**Data segment**:
════════════════════
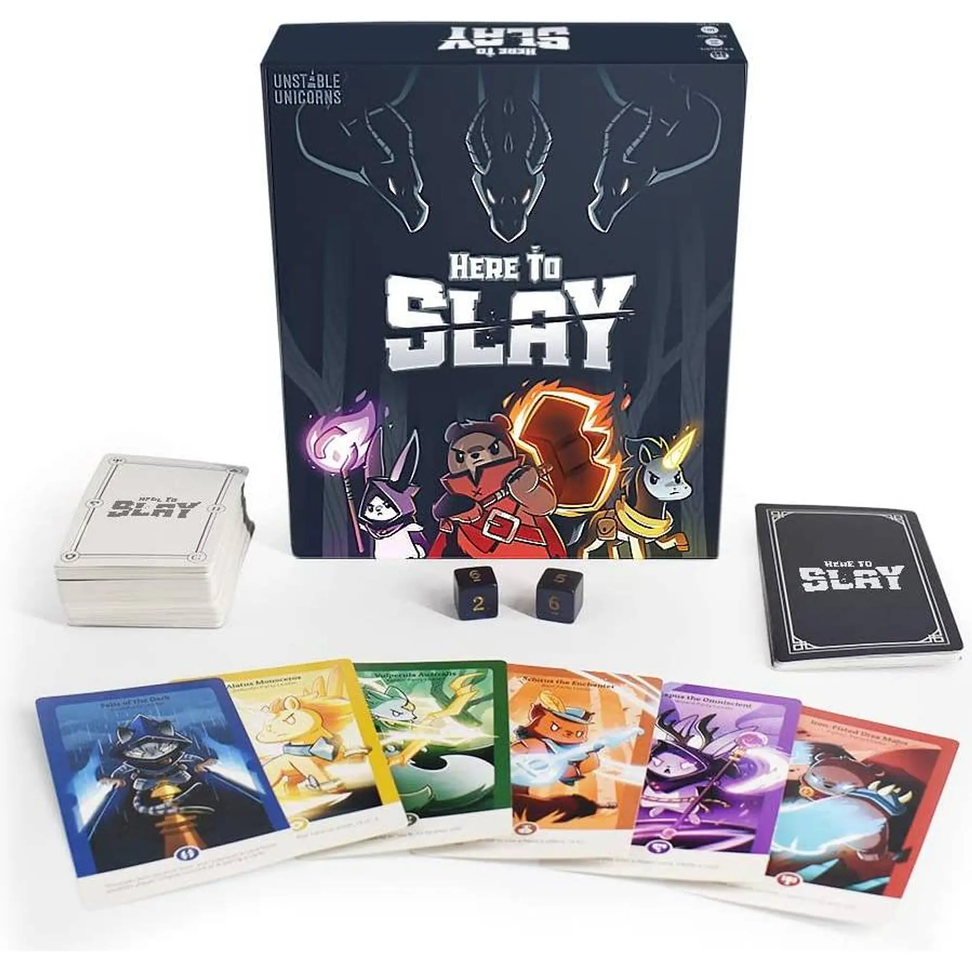 Here to Slay je družabna igra s kartami, ki združuje prikupno estetiko s taktično sabotažo in fantazijskim bojem. Gre za delo ustvarjalcev igre Unstable Unicorns, kar pomeni, da lahko pričakuješ kombinacijo humorja, strategije in prikupnih ilustracij.
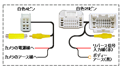 ●車両純正中継ハーネスを使用し、市販ナビゲーションと市販のバックカメラを接続する事が出来ます。
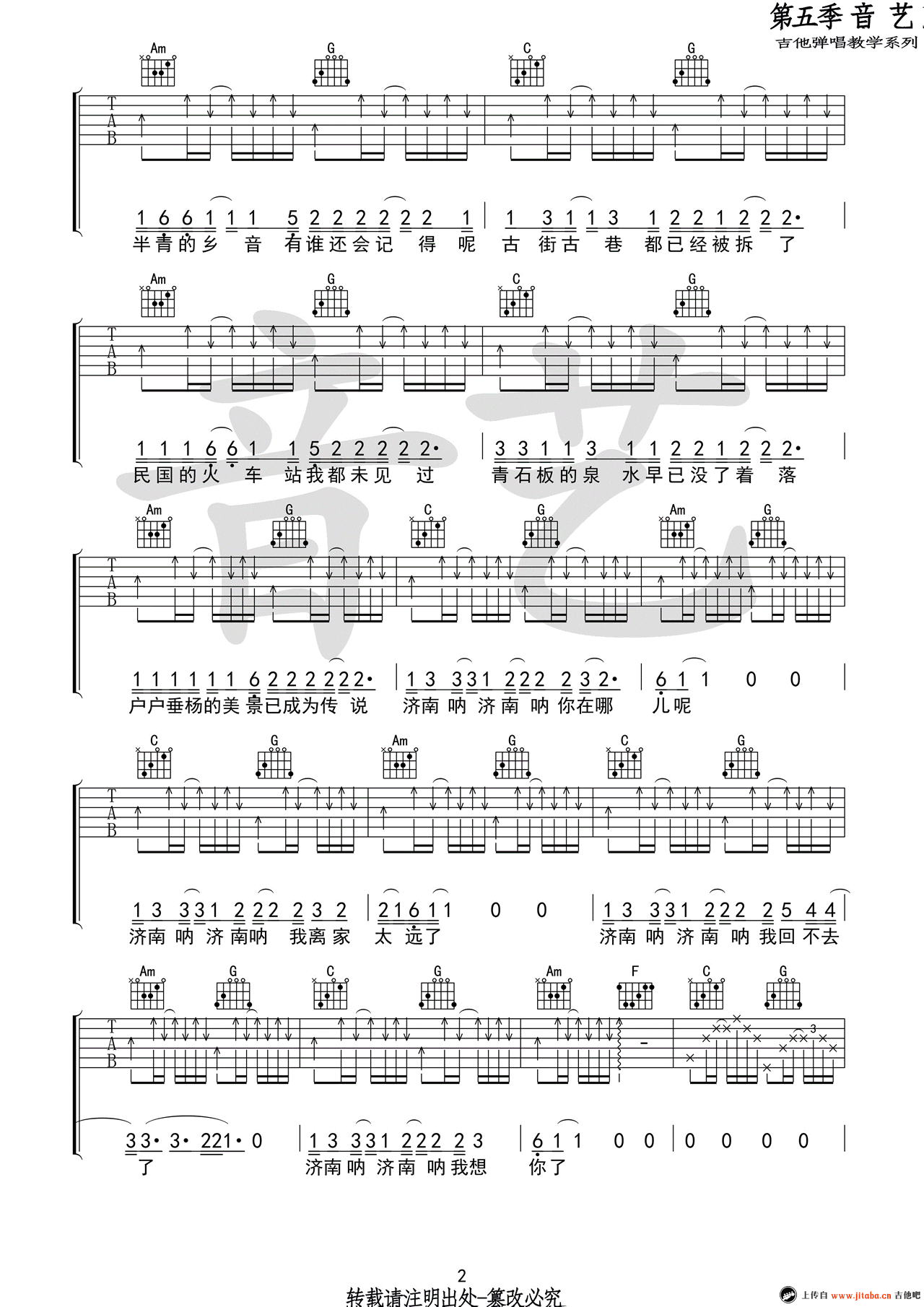 当前位置:琴谱网>吉他弹唱>济南济南
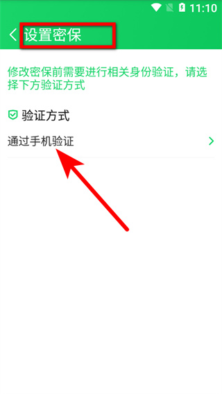 4、在設(shè)置密保頁面,選擇通過手機(jī)驗(yàn)證方式。
════════════════════
**Work task**: Write out the whole listing above exactly, minus images.

**Output of the task**:
 Here to Slay je družabna igra s kartami, ki združuje prikupno estetiko s taktično sabotažo in fantazijskim bojem. Gre za delo ustvarjalcev igre Unstable Unicorns, kar pomeni, da lahko pričakuješ kombinacijo humorja, strategije in prikupnih ilustracij.
 ●車両純正中継ハーネスを使用し、市販ナビゲーションと市販のバックカメラを接続する事が出来ます。
 当前位置:琴谱网>吉他弹唱>济南济南
 4、在設(shè)置密保頁面,選擇通過手機(jī)驗(yàn)證方式。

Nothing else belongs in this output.